Shaheen Bagh has emerged as a centre of protests against the Citizenship Amendment Act, and the proposed National Register of Citizens. Hundreds of women have been peacefully protesting at Shaheen Bagh since December 15, against the Citizenship Amendment Act. The Kalindi Kunj-Shaheen Bagh stretch in the Capital has been closed since December 15 after protesters occupied the road.

“Might be they will shoot them,” Owaisi told ANI over phone from Hyderabad. “They might turn Shaheen Bagh into Jallianwala Bagh. This might happen. A BJP minister gave a statement to ‘shoot a bullet’. The government must give an answer as [to] who is radicalising.” The Jallianwala Bagh massacre happened on April 13, 1919, in Amritsar when Punjab’s Lieutenant Governor Michael O’Dwyer ordered his men to open fire at unarmed civilians taking part in a peaceful protest.

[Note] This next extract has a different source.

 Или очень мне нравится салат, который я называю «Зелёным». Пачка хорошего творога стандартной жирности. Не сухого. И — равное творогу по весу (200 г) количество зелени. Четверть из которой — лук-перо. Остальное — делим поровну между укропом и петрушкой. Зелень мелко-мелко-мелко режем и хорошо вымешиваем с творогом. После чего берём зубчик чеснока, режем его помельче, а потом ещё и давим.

Union minister Anurag Thakur had on Tuesday said the anti-Citizenship Amendment Act protest site in Shaheen Bagh would be cleared once the Bharatiya Janata Party comes to power after the February 8 Assembly elections. Last week, Thakur had been banned from campaigning for three days for leading the crowd at a rally in a chant urging that “traitors be shot”. “Desh ke gaddaron ko,” he had shouted, as the crowd responded, “goli maro saalon ko”. Since Thakur’s speech, three shooting incidents near protest sites in Delhi have been reported.

The Bharatiya Janata Party has attempted to portray the upcoming Delhi elections as a referendum on the ongoing protests, particularly at Shaheen Bagh. Prime Minister Narendra Modi and Union Home Minister Amit Shah, too, had hit out at the Shaheen Bagh protest. Modi had called the protests a “conspiracy”, where the real agenda is being obscured by using the tricolour and the Constitution as symbols.

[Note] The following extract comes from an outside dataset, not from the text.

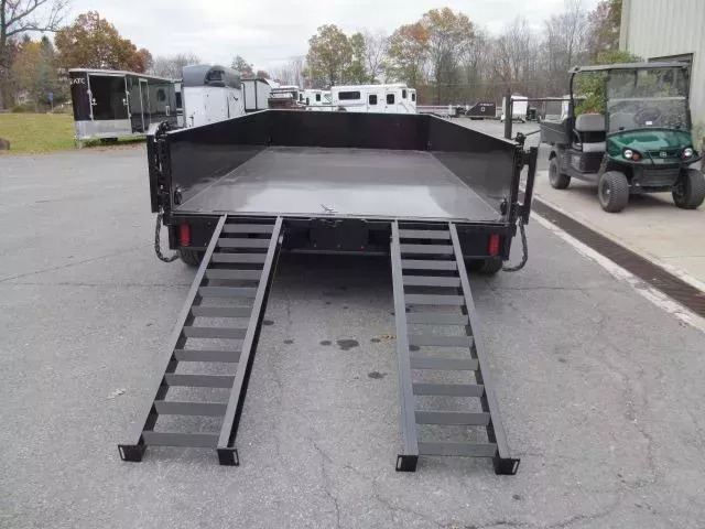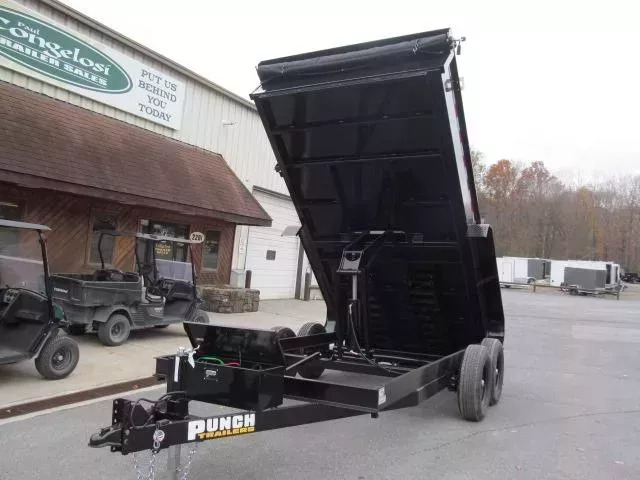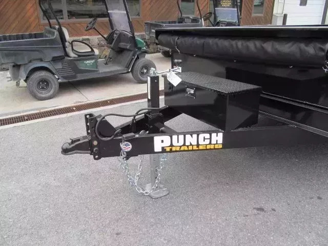 Meet the new PUNCH Dump trailer! Smartly simple, surprisingly capable. When you just need a simple trailer that works- without unnecessary bells, whistles, or a big price tag- the PUNCH Dump Trailer delivers. Built in the USA with integrity, it’s designed for one thing: getting the job done, day after day. It’s purpose-built for real-world hauling: debris, soil, machinery, you name it! And- it’s smartly priced so your investment pays for itself fast! Specifications 83” Wide X 14’ Long X 19” Sides 14,000 GVW 7,000 Lb slipper spring axles 3,460 Lb empty weight 10,540 Payload 6” channel frame 3” channel crossmembers 5” channel tongue 2 5/16” adjustable coupler or pintle ring 7K drop leg jack 4 wheel electric brakes LED lights 10 gauge floor Combo barn door spreader gate Power up, Power down hydraulics Deep cycle battery On board charger (4) 1/2” d rings Stake pockets Spare tire carrier Tongue mounted HD control box with key lock Integrated tarp mount w/ tarp kit Optional Ramps added to this unit

Owaisi also spoke about the National Population Register and the proposed National Register of Citizens, and said the two moves reminded him of Hitler’s rule.

“The government must give a clear cut answer that till 2024 NRC will not be implemented,” said the AIMIM chief. “Why are they spending Rs 3,900 crore for NPR? I feel this way because I was a history student. Hitler during his reign conducted the census twice and after that, he pushed the Jews in a gas chamber. I don’t want our country [to] go in that way.”

The NRC is a proposed exercise to identify undocumented immigrants. However, its critics fear that the Citizenship Amendment Act, clubbed with the National Register of Citizens, will be misused to target Muslims since the Citizenship Act now has religion as a criterion. After protests began in December, Prime Minister Narendra Modi said there had been no discussions on nationwide NRC.

The National Population Register is a list of “usual residents”. “Usual residents” are those who have stayed at a place for six months or intend to stay there for the next six months.

As first reported by Scroll.in, the NPR is the first step to creating an all-India National Register of Citizens, which would identify undocumented migrants residing in India. This has led to scepticism from states ruled by parties that are not part of the National Democratic Alliance. Till now, West Bengal and Kerala have suspended all work related to the NPR, while five Congress-ruled states are mulling similar action.